Picking it up where we left off

NZTECHO Autumn 2014 Issue 60 Point of View

Think 1980s’ Top Town and the days when TV shows could bring families and communities together. Despite ongoing commercial challenges we face in this industry, content should still be king writes cinematographer Waka Attewell, or even just sometimes at least.
Waka_Attewell_Key_Profile.jpg
Cinematographer Waka Attewell has been around long enough to know the turns and roundabouts of the TV & Film industry
Gazing out on the windswept tundra of free-to-air TV and as people stay away from it in droves, it is a hard push to find an argument for devoted viewership. Meanwhile on the other side of the planet some of the best quality TV ever is being created by the likes of HBO and AMC.
Could this not be us we have to ask?
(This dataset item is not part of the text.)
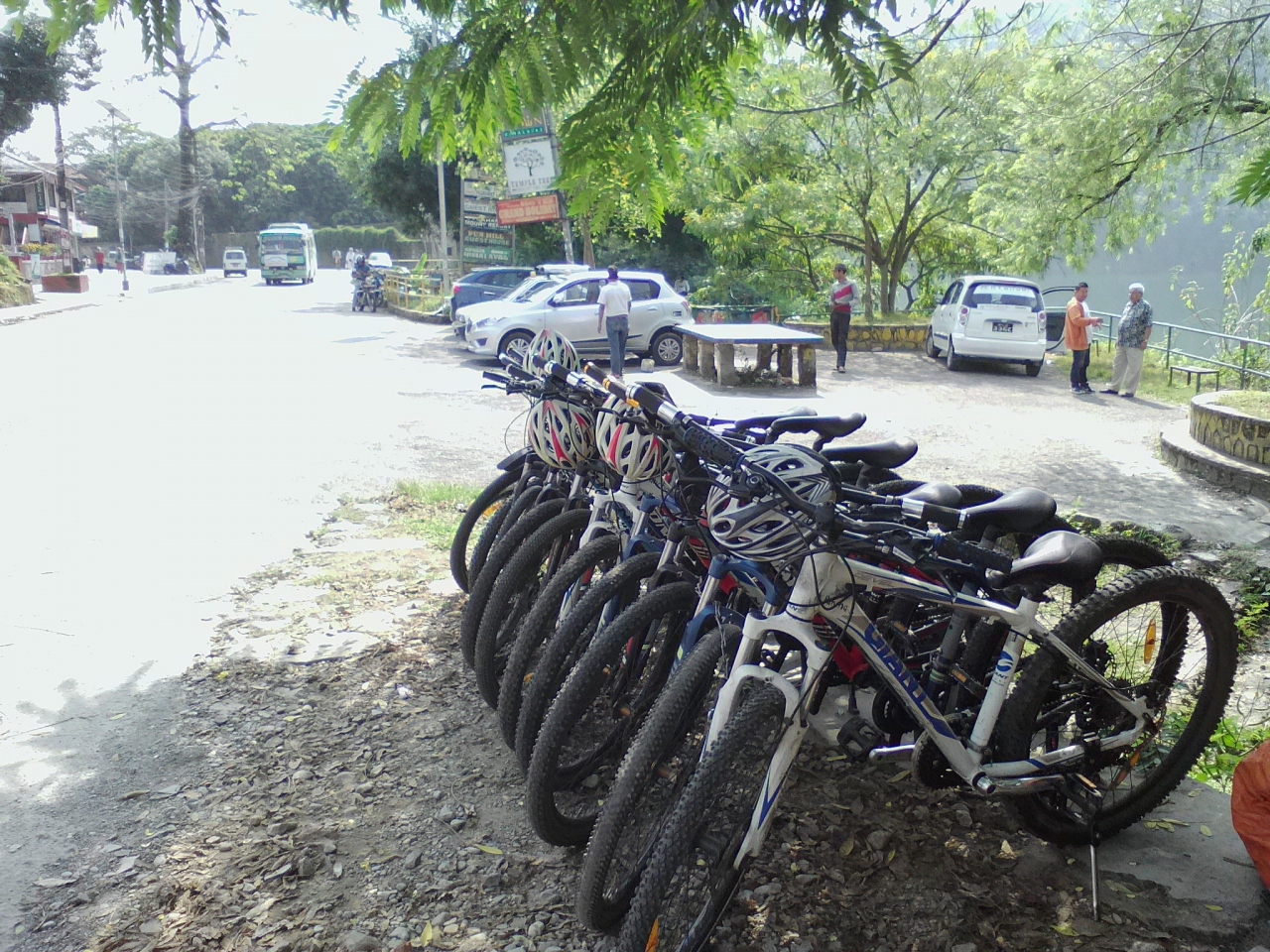 バスンダラ公園から旧国王別荘地までのレイクサイドロード沿いに自転車を並べたレンタル屋が何軒かあります。以前あったママチャリタイプは姿を消し、全てマウンテンバイク。ボロめのものから新しいものまでありますが料金は一律1日500Rs(400Rsに下ったところもあった)。朝から晩までですが時間は店によって変わります。1時間150Rsでも借りられます。

The answer is yes it could be us, yet entrenched orthodoxy seems to be still dictating the requirements … more cooking shows anyone?
These death throes of sane TV programming got me thinking. I am fairly certain that my cultural and political awareness was formed in the Pacific Film Unit’s tearooms. I would like to think with taste and good judgement too. The 1970s invited an excuse to fight, we tilted at windmills and believed our opinions and self aggrandizing would make a difference.
Someone came up with the quaint notion of doing all the thinking before the camera came out of the box – this dictum kept things pretty much on track for a few decades. Ridiculous hours and unrealistic schedules didn’t matter, the money was not all that regular but there always seemed to be enough.
With our TV programme making there wasn’t a sense of ‘what does the broadcaster want’ but a sense of ‘what can we offer’ – preferably something that would invoke thought and debate? The film and TV business fitted nicely into the grand plan, with the desire of building something solid and everlasting. A voice of the people-type ideal with community shows like Top Town and Country Calendar ruling the ratings. Little did we realise that the neoliberals were out the back filling the ‘Kool-Aid’ vats with their toxin – we were fiercely ambitious and hopeful and everything seemed possible until the late 1980s crashed and burned.
The notion of ‘just getting by’ was challenged by the commercial imperative that came knocking. It went something like this, you conclude that the way forward is this fancy new corporate model and you studiously obey (stopping just short of commissioning your own ‘mission statement’). Suddenly you are quoting jobs on fast food, fruit juice, fashion and car commercials. You quickly became horrified at the guy you once knew when you catch yourself waxing lyrical in the advertising agency about ‘brand recognition’ and before you know it ‘you’re whisking up a treat’ and nodding sagely along with the discussion about the ‘society we live in’ as you adroitly add to the problem gambling while name dropping ‘demographic’ and pretending to know what ‘appetite appeal’ actually meant. You particularly like the American accent in the room as it makes you feel worldly and while you are having an out-of-body experience you agree to do the three 30-second cut downs gratis. The yank has the economic speak down pat, he talks of ‘risk adverse’ and ‘cheap money’ (actually what he means is cheap people).
The ‘delusions of grandeur’ isn’t so obvious yet as half truth is the new currency. This quickly becomes the new normal as a $10,000 limit on a credit card (you didn’t ask for) arrives in the fast post. The TV channels think it is only about making money, which is quickly followed by formula programme-thinking (a stencil imported from the US) – then the new radical concept of ‘cashflow’ is introduced to the mix (this tends to happen when the banks get involved). Suddenly you are pitching like mad and churning out stuff for the broadcasters they thought they wanted. Old problem here is if you give a broadcaster what they ‘want’ it is usually not what is ‘needed’ – there is an all but brief moment when a tax break makes NZ feature films possible.
We all look back fondly on this time as the ‘national cinema era’. Well that was the last 30 years.
So as the economy heads again for that moment when the proverbial ‘they’ talk up the recovery whilst avoiding the words ‘train wreck’, ‘run away debt’ or ‘fiscally challenged’ – let us spare a thought for when the boom hits and what we want to rebuild and let us be careful with whom we crawl into bed with and gift our craft skills and our finances to. As you already know the final outcome will probably leave you hanging off the debt cliff
while just a few still prosper.
So rather than enslave ourselves again into a service-type role, how about we think of these interesting times as just-interesting-times by firstly resurrecting the wreckage of ‘national cinema’. Then let us make some TV programmes that have a bit of content (if TV don’t want it then stream it on the internet) and get back to the old wisdom of doing the thinking before the camera comes out of the box.